Stars Debra Winger and Tracy Letts give a master class in subtle performance in “The Lovers.” As an unhappy husband and wife, each planning to end the marriage in favor of their respective lovers, they tell so much of their stories through their faces in close-up. Summer blockbusters have their place, but this one will knock your socks off — quietly, because it feels so real.

Mary (Winger) is having an affair with a chain-smoking writer, played by Aidan Gillen (Littlefinger in “Game of Thrones”) and her husband Michael (Letts) is having an affair with a volatile ballerina (Really, is there any other kind?), played by Melora Walters. While both of these illicit partners have more romantic careers and are younger, Mary and Michael spend their days chained to their respective cubicles. “The Lovers” takes its time showing us their lives, but rather than a scathing indictment of the much-maligned suburbs, it’s a matter-of-fact view of life that isn’t played for bitter laughs, merely shown realistically.

Even the affairs are shown in the cold light of day, not as stolen moments of pure bliss. Both the writer and the ballerina are demanding and petulant, and at one point Michael pretends to meet a friend for drinks and lies about it to both his wife and his girlfriend. The film and the performances are dramatic but not showy; it’s a story of middle class boredom we’ve heard before, but through a lens of reality that dignifies rather than mocks it.

As the married couple awaits a visit from their touchy college-age son, they assure their longtime lovers his visit will be the turning point, after which they will be free from their marriage. He is the only thing keeping the couple together, and placating him is their stated goal. Meanwhile, the son simmers with resentment over his parents’ loveless union.
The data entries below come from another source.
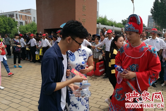 除了特殊的公交助考服務(wù)車,公交一公司1路車長(zhǎng)郭磊穿著狀元服為參加高考的考生送去“紅包”,讓不少考生頗感意外。而且引來了不少家長(zhǎng)和考生的競(jìng)相合影。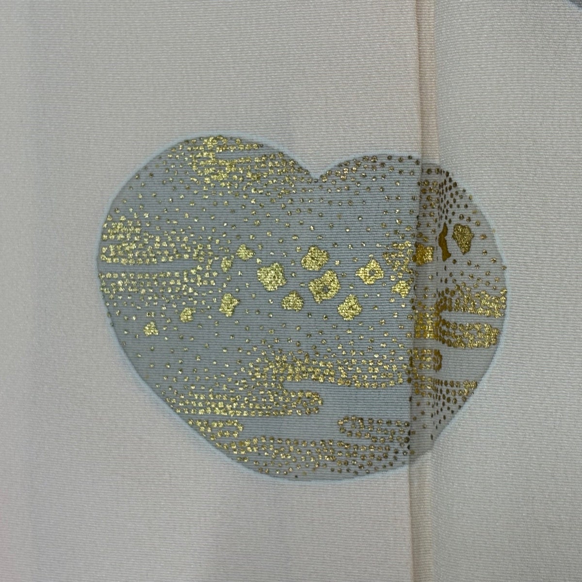 【美品】 色留袖 身丈159cm 裄丈66cm M 袷 袋帯セット 建物 樹木 刺繍 金糸 クリーム 正絹 秀品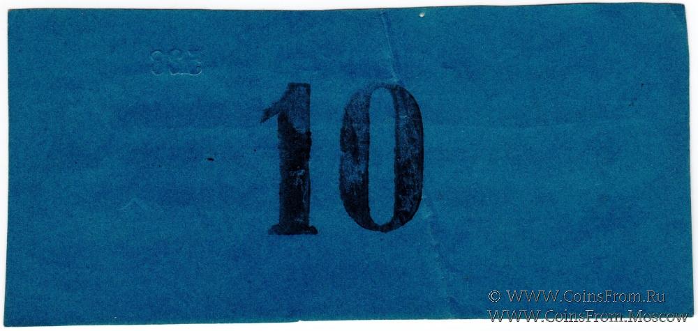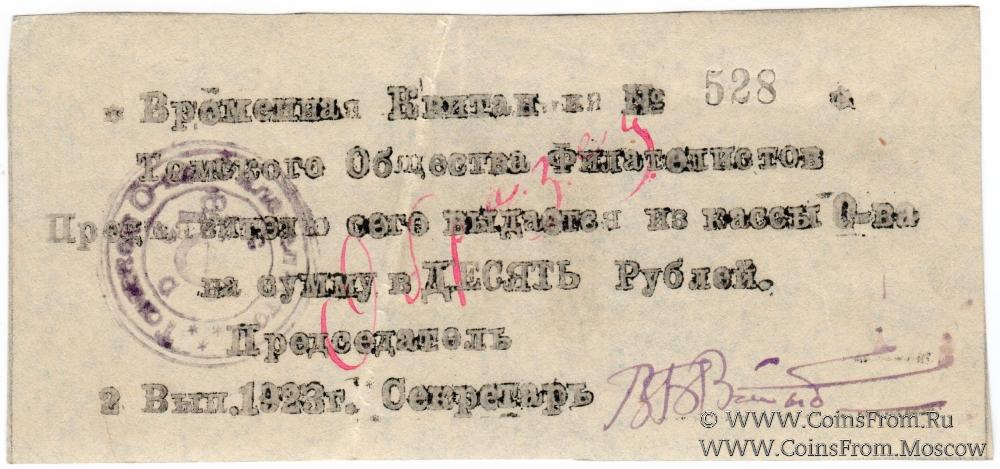 Временная квитанция. Выпуск 2: номинал прописью, напечатан. На аверсе: слово "ОБРАЗЕЦ" красными чернилами по диагонали; без подписи Председателя; номер напечатан. На реверсе: номинал "10" крупно. Томское общество филателистов.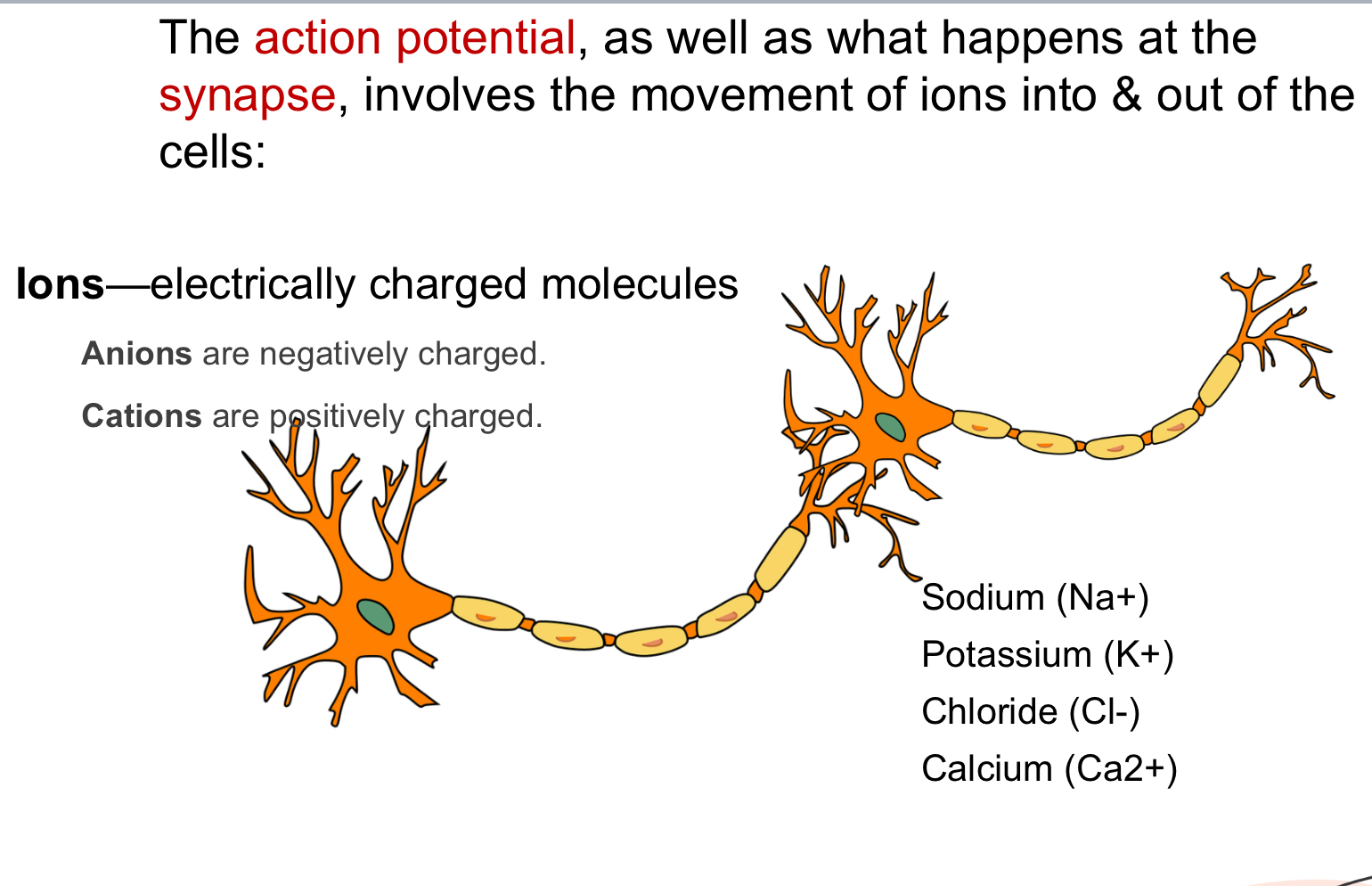 Action potential begins with sodium ions Na+ flowing into neuron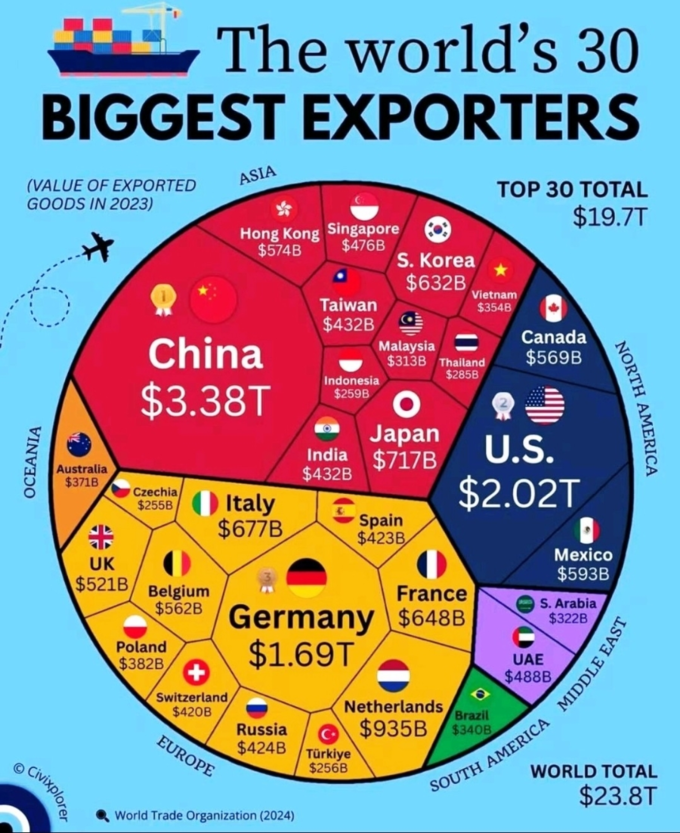 2023년 기준 우리나라는 6,837억 달러의 상품을 수출하며 세계 6위를 기록했다.

Then one morning, in the week of preparations for his visit, the marriage stops being loveless. Again, Winger’s face in close-up, registering a range of emotions, beats any special effect you will see this summer. While the thrill of the illicit ignites their feelings for one another, you also get the sense that it is the familiarity between Mary and Michael that has suddenly been remembered to be a huge part of their connection. The film’s most touching scene is in the grocery store, when Michael is made to realize what he would really be losing in giving up his marriage.

Slowly, the stakes in their marriage become high; their divorce, once a foregone conclusion, is now something to mourn, or avoid. The rage in their already insecure and impatient lovers when they realize what’s going on causes them to strike out. Any histrionics come from these long-suffering sideline affairs, or from the son himself. The greatest contrast the film makes ends up being between the older couple, and the younger people they upset.

Bittersweet and truly suspenseful, “The Lovers” is a story almost like a Nancy Meyers romantic comedy, but the romance is almost painfully real, and the comedy far more measured. Even while the setup of their story is unusual, the scenes from a marriage are realistic, and will probably hit home with anyone who has been married, however happily, for any length of time. These actors have vividly made a normal life a complex and unpredictable thing to see onscreen.

“The Lovers” is now playing at the Crescent Theater.